Four scales, same structure. Evidence grading, temporal constraints, hypothesis verification, reasoning provenance — needed at every level, manifesting differently but addressing the same core requirement.
This is no coincidence. The self-similarity of causal discipline and the self-similarity of agentic system architecture (the fifth chapter's central argument) share the same root: the quality management problem that information faces when passing between scales is structurally identical.
The open question of the carrier¶
At this point, we know the four components of causal discipline, when it's needed, what it costs, and how it resonates structurally with the preceding chapters of this series.
But one fundamental question remains untouched.
Causal discipline needs a carrier — a form of computation capable of expressing causal structure, enforcing causal constraints, and maintaining causal chains.
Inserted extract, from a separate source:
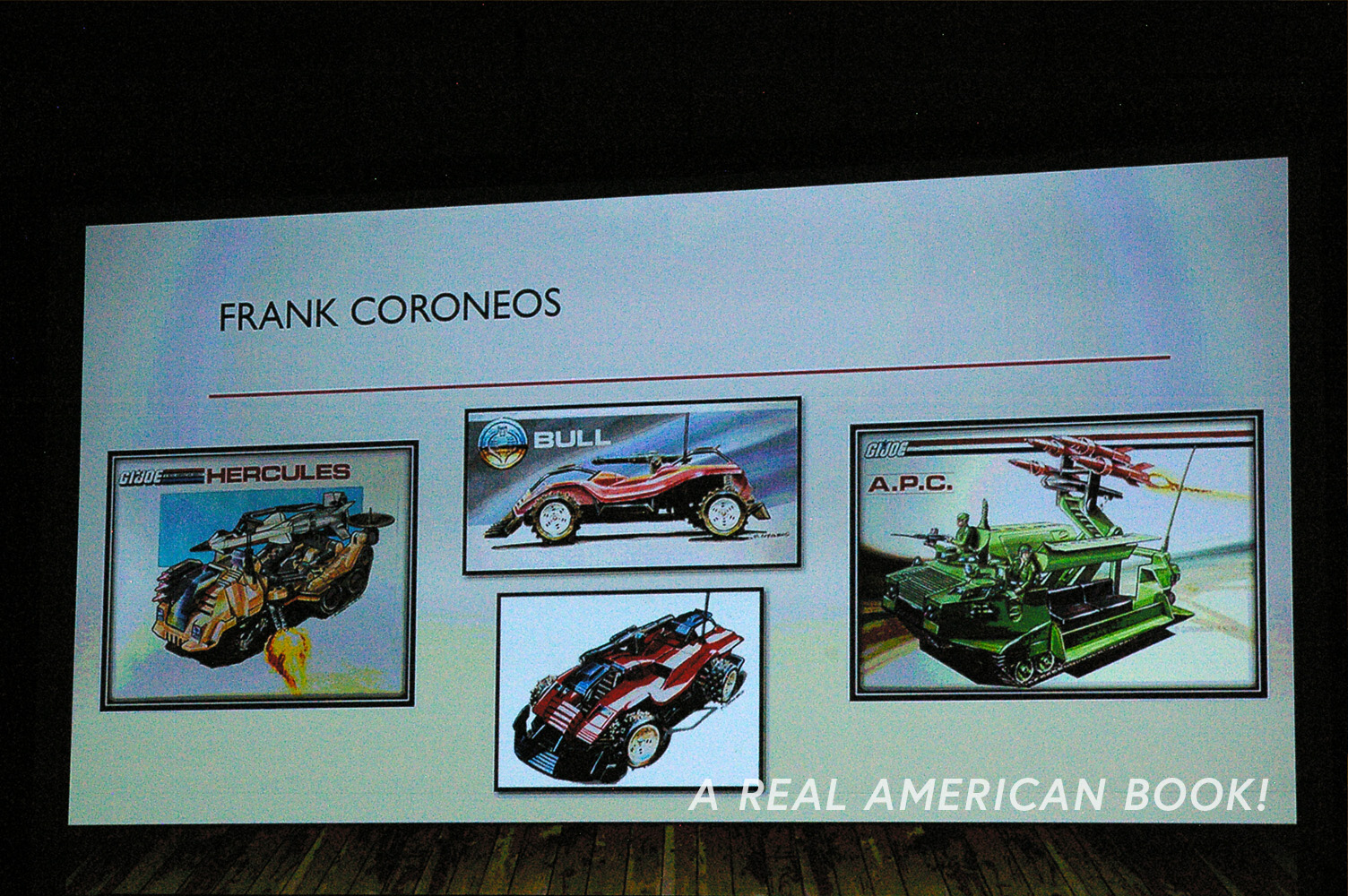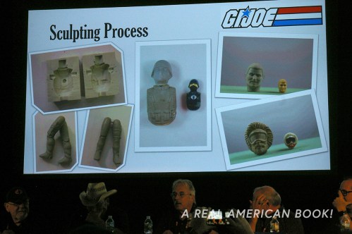 The two dinner panels were called “Walk Down Memory Lane” and “In The Beginning…1982,” and, my apologies, they blend together a bit. The first played on a loop over dinner, with photos from the 1980s and ’90s along with quotations Dan had gathered during his research and/or for this very dinner slideshow. The second tried to put the first year in chronological order — who started at the company when, what items were first as the nascent Real American Hero was coming together. Several designers sat on the small stage and made comments on the slides.

Logic systems are natural fits for the job. Causal graphs can encode causal direction, the do-operator can distinguish observation from intervention, counterfactual reasoning has precise mathematical definitions. Pearl's entire framework is built on symbolic causal models. But logic systems have a critical weakness: they need humans to encode the causal structure in advance. You have to tell them what causes what — they won't discover it from data.
Neural networks are natural fits for discovering patterns from data. They can extract the statistical association between "rain" and "slippery" from billions of text passages, and even express that association in causal language. But we've spent five articles establishing that what they discover is correlation, not causation.
One excels at structure but not discovery. The other excels at discovery but not structure.
A convergence already underway
In 2024–2025 research, a clear trend is emerging: using LLMs as a knowledge prior in combination with traditional causal algorithms. The LLM provides "guesses" about possible causal relationships between variables; traditional algorithms (like the PC algorithm) verify whether those guesses are statistically consistent with the data. The combination significantly outperforms either approach used alone.
This is not "getting the LLM to do causal reasoning." It's letting the LLM do what it's good at (extracting linguistic expressions of causal knowledge from text), then using formal tools to do what it's not good at (verifying whether those expressions are consistent with actual causal structure in the data).
The engineering implementation of causal discipline ultimately has to answer this question: how do structure and discovery — symbolic systems and neural networks — collaborate?
That question's answer doesn't belong in this chapter. It belongs to an older divide — one that artificial intelligence has faced since the day it was born: symbolism versus connectionism.
That's the next chapter's story.
Further reading¶
- Shantanu Yanagihara et al., "Failure Modes of LLMs for Causal Reasoning on Narratives" (2024) — Identifies three systematic failure modes in LLM causal reasoning (temporal ordering bias, long-range reasoning collapse, over-reliance on parametric knowledge over context) and finds that forcing the model to extract an explicit causal graph before reasoning significantly mitigates all three. A microcosm of the carrier question in empirical form.